An Arbitration Council hearing over mass layoffs at Hotel Le Royal last month labored on Wednesday, with the hotel reportedly denying the council access to requested documents.
The council—a neutral panel designed to hear and make judgements on labor disputes in Cambodia—is reviewing the legality of Le Royal’s firing of 97 workers following a weeklong strike last month in protest over the non-payment of service charges.
The layoffs were followed by an announcement this month that the hotel had resolved their labor dispute by reaching a new collective bargaining agreement with workers’ representatives, ignoring the union’s complaints.
The legality of that agreement has also come into question, and the council on Tuesday requested that the hotel disclose all documents relating to the election of workers’ delegates and the new agreement. The hotel refused to comply Wednesday, said union lawyer Lean Chenda.
Le Royal’s sister hotel, Grand Hotel d’Angkor in Siem Reap, fired some 190 workers after a strike at that hotel, and has announced a similar resolution with workers’ delegates. Seng Vuoch Hun, a lawyer for Le Royal, declined to comment Wednesday.
Ly Korm, president of the Cambodia Tourism and Service Workers’ Federation, maintains that the hotels are busting unions by making an agreement with workers’ representatives, and says that the hotels have hand-picked those representatives.
Those charges were echoed last week by one member of the US Congress who recently visited Cambodia. Representative George Miller appealed in an open letter last week for Raffles management to accommodate the workers’ demands through arbitration.

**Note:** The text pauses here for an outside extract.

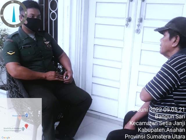 Asahan | Seluruh Babinsa diwilayah binaannya selalu memberikan himbauan kepada warganya agar Selalu menjaga jarak, selalu cuci tangan dengan sabun dan bilas di air yang mengalir, menghindari keramaian dan usahakan pakai masker bila keluar dari rumah atau bepergian, seperti halnya yang dilakukan Personel Bintara Pembina Desa (Babinsa) Koramil 13/Buntu Pane jajaran Kodim 0208/Asahan Serda Jasem turun kewilayah binaan untuk melaksanakan kegiatan silaturahmi kerumah tokoh masyarakat a.n. Bapak Sofyan untuk dalam rangka untuk menjalin hubungan yang lebih akrab dengan masyarakat guna mendukung kegiatan babinsa, kegiatan tersebut yang dilaksanakan bertempat di Dusun 4 Desa Bangun Sari Kecamatan Setia Janji Kabupaten Asahan, Rabu (08/06/2022).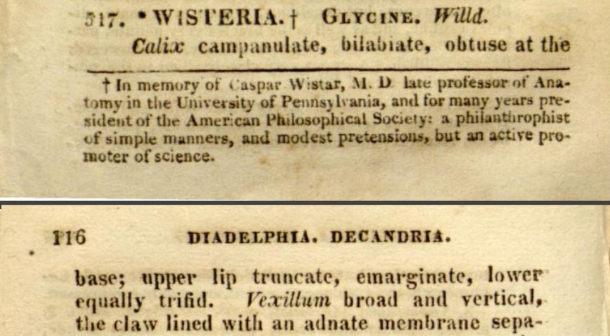 Etimologia Il nome del genere fu imposto da Thomas Nuttal, biologo statunitense, a pagina 115 del volume The genera of Nord America plants, 1818. Egli lo volle dedicare a Caspar Wistar, medico e professore di anatomia all’Università della Pensilvania. Doveva amarlo molto a giudicare dalle belle parole con cui volle descrivere l’uomo. (A questi link troverete una incisiva biografia del Wistar). Forse sarebbe stato più appropriato che Nattal avesse usato il termine Wistaria con la ‘a’, ma tant’è.

“The practice of undercutting a lawful strike by signing an agreement with a ‘friendly’ union of the company’s design is a familiar tactic, but one which is illegal and ill serve both Cambodia’s hotel workers and the international reputation of Raffles,” Miller wrote in a letter dated May 14.
Raffles managers say their workers are well-paid and receive substantial benefits, and that the labor law does not require the collection of a service charge.